### TASK BRIEF:
All that is needed is the run of lines from the top of the entries to the line with "上薗昭太郎さんの外運は17画の4点!", that line included, repeated exactly and free of pictures.

### DATA FOR THE TASK:
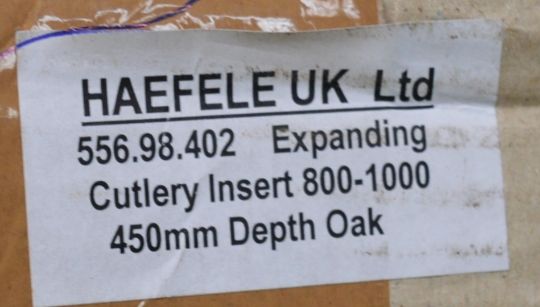 1 x Haefele Expanding Cutlery Drawer Insert - 800-1000mm For 450mm Depth Drawers - European Oak - Unused Stock - RRP £75 - CL011 - Ref Cat073 - Location: Altrincham WA14 Find more info @ http://www.hafele.co.uk/shop/images/external/pages/15DSH138-139.pdf
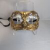 Handpainted paper mache mask with beaded fringe. Satin ribbon tie. Glamourous and chic
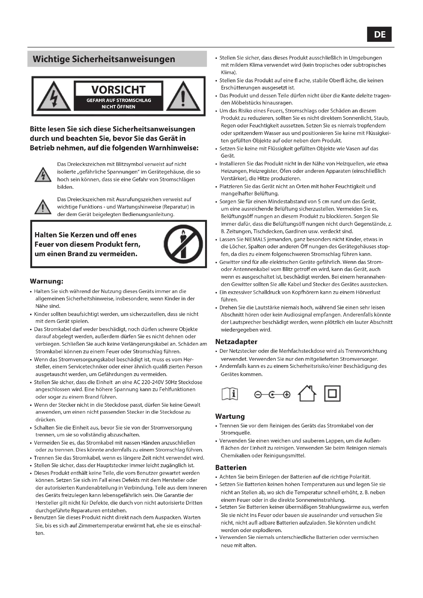 Bitte lesen Sie sich diese Sicherheitsanweisungen durch und beachten Sie, bevor Sie das Gerät in Betrieb nehmen, auf die folgenden Warnhinweise: Das Dreieckszeichen mit Blitzsymbol verweist auf nicht isolierte „gefährliche Spannungen“ im Gerätegehäuse, die so hoch sein können, dass sie eine Gefahr von Stromschlägen bilden. Das Dreieckszeichen mit Ausrufungszeichen verweist auf wichtige Funktions - und Wartungshinweise (Reparatur) in der dem Gerät beigelegten Bedienungsanleitung. Halten Sie Kerzen und o enes Feuer von diesem Produkt fern, um einen Brand zu vermeiden. Warnung:
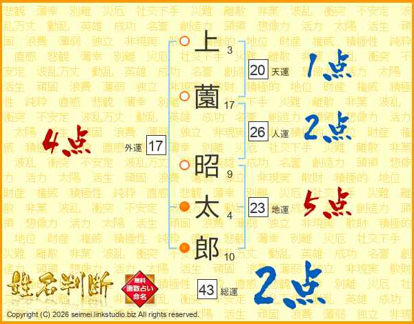 上薗昭太郎さんの外運は17画の4点!
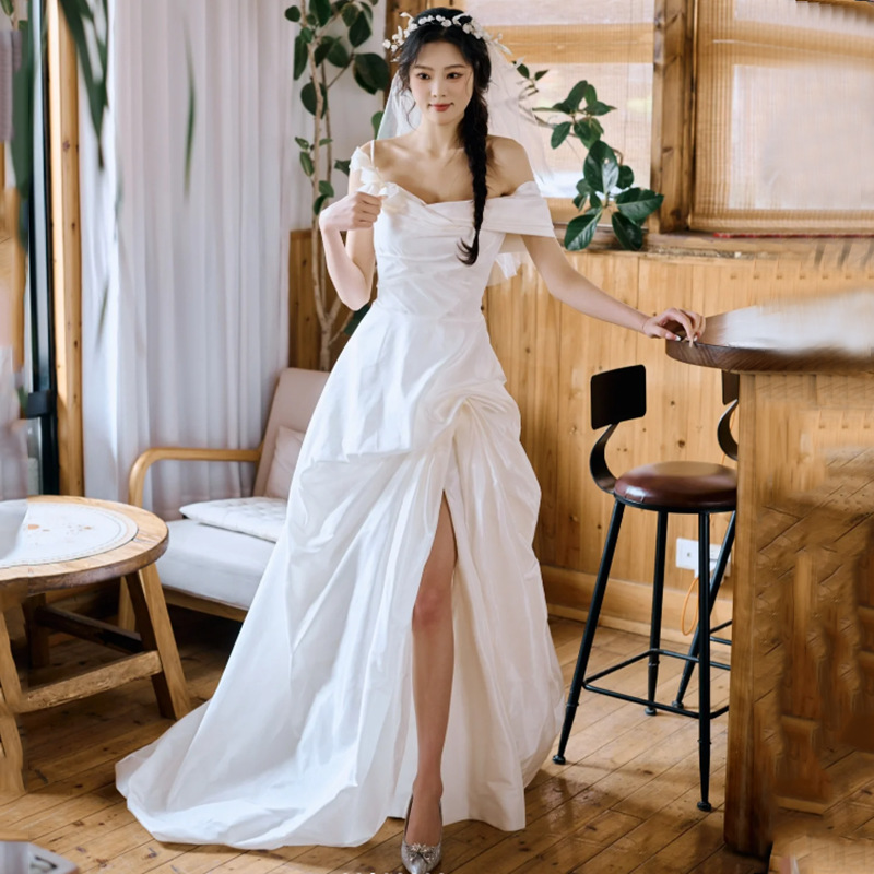 Gaun pernikahan gaya Prancis, cahaya bahu terbuka, gaun pengantin sederhana satin keluar, benang selamat datang, gaun belahan tinggi Super peri 2024
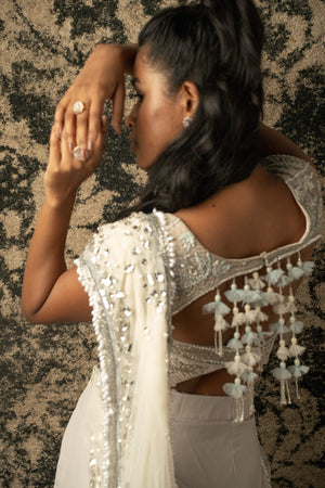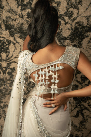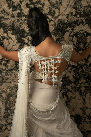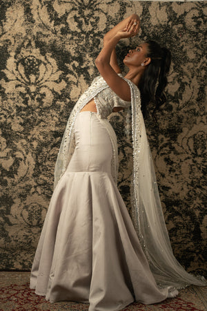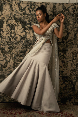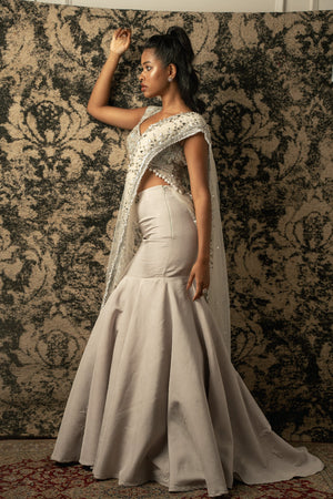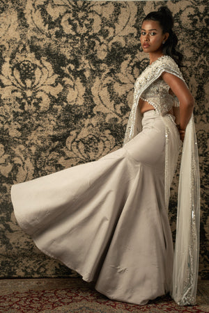 Fabric: Drape Saree- Net, Blouse- Velevet, Skirt- Habutai Silk
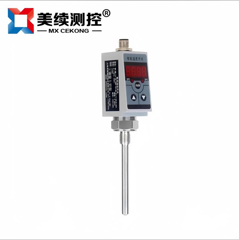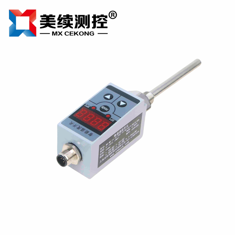 MX-WD-08 智能溫度開關(guān)是集溫度測(cè)量,顯示,輸出、控制于一體的智能數(shù)顯溫度測(cè)控產(chǎn)品。該產(chǎn)品為全電子結(jié)構(gòu),前端采用PT100溫度傳感器,輸出信號(hào)由高精度,低溫漂的放大器放大處理,送入高精度的A/D轉(zhuǎn)換器,轉(zhuǎn)換成微處理器可以處理的數(shù)字信號(hào),經(jīng)過(guò)運(yùn)算處理的信號(hào)控制兩路開關(guān),對(duì)控制系統(tǒng)溫度進(jìn)行測(cè)控。該智能數(shù)字溫度開關(guān)使用靈活,操作簡(jiǎn)單,調(diào)試容易,安全可靠。廣泛應(yīng)用于水電,自來(lái)水,石油,化工,機(jī)械,液壓等行業(yè),對(duì)流體介質(zhì)的溫度進(jìn)行測(cè)量顯示和控制。
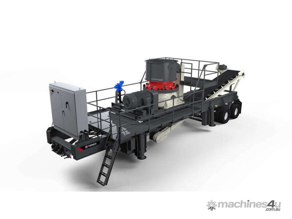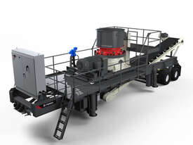 The CRC320 combines the TG320 cone and a 15 hp, 42” wide discharge conveyor on a portable all electric chassis. The crusher is fitted with an overflow chute and removable overflow panel so the overflow can buffer feed surges in a closed circuit application. The trailer width and length allow easy movement from site to site. The plant has a variety of jack options available from simple crank landing to unique patent pending "canted" run-on jacks that stabilizes the movement of the crusher.
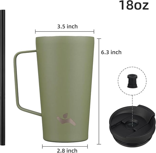 Insulated Tumbler with Handle and Straw, 18 OZ Travel Coffee Mug Stainless Steel Cup Metal Water Bottle,Camp Green
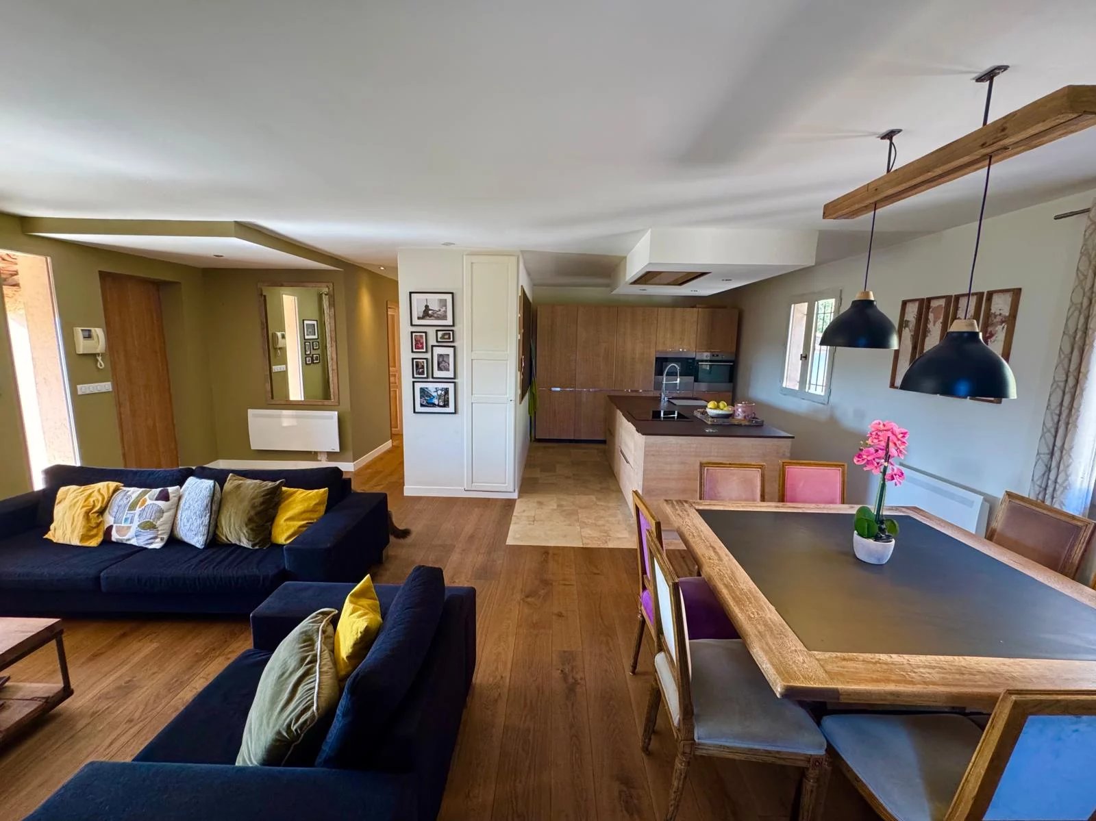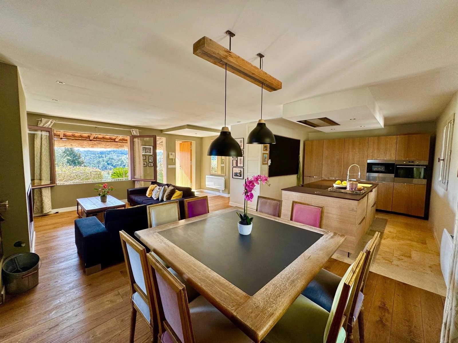 une spacieuse terrasse couverte prolonge les espaces de réception vers un superbe espace piscine ouvert sur le panorama. Piscine au sel, terrain de pétanque, jardin généreux… chaque détail invite à profiter du climat méditerranéen.
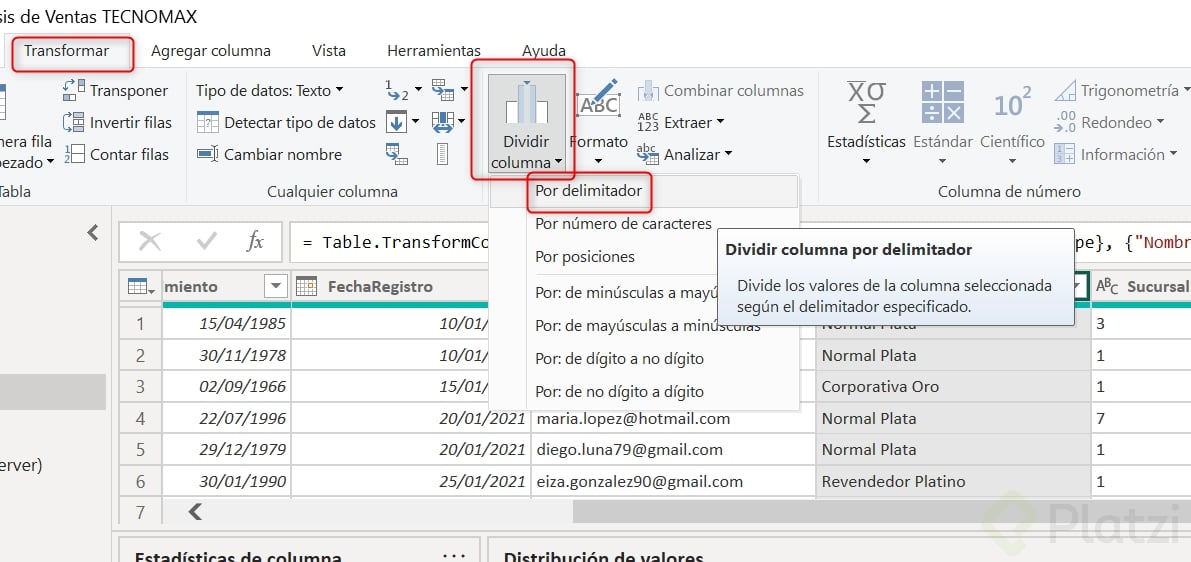 Accede al menú de "Transformar" y selecciona "Dividir columna por delimitador". Tal como lo describes, elige el "espacio" como tu delimitador, aplica las opciones por defecto y presiona aceptar. Tras este cambio, asegúrate de renombrar las nuevas columnas para reflejar su contenido: "Tipo de cuenta" y "Nivel de cuenta".

### EXERCISE RESPONSE:
 1 x Haefele Expanding Cutlery Drawer Insert - 800-1000mm For 450mm Depth Drawers - European Oak - Unused Stock - RRP £75 - CL011 - Ref Cat073 - Location: Altrincham WA14 Find more info @ http://www.hafele.co.uk/shop/images/external/pages/15DSH138-139.pdf
 Handpainted paper mache mask with beaded fringe. Satin ribbon tie. Glamourous and chic
 Bitte lesen Sie sich diese Sicherheitsanweisungen durch und beachten Sie, bevor Sie das Gerät in Betrieb nehmen, auf die folgenden Warnhinweise: Das Dreieckszeichen mit Blitzsymbol verweist auf nicht isolierte „gefährliche Spannungen“ im Gerätegehäuse, die so hoch sein können, dass sie eine Gefahr von Stromschlägen bilden. Das Dreieckszeichen mit Ausrufungszeichen verweist auf wichtige Funktions - und Wartungshinweise (Reparatur) in der dem Gerät beigelegten Bedienungsanleitung. Halten Sie Kerzen und o enes Feuer von diesem Produkt fern, um einen Brand zu vermeiden. Warnung:
 上薗昭太郎さんの外運は17画の4点!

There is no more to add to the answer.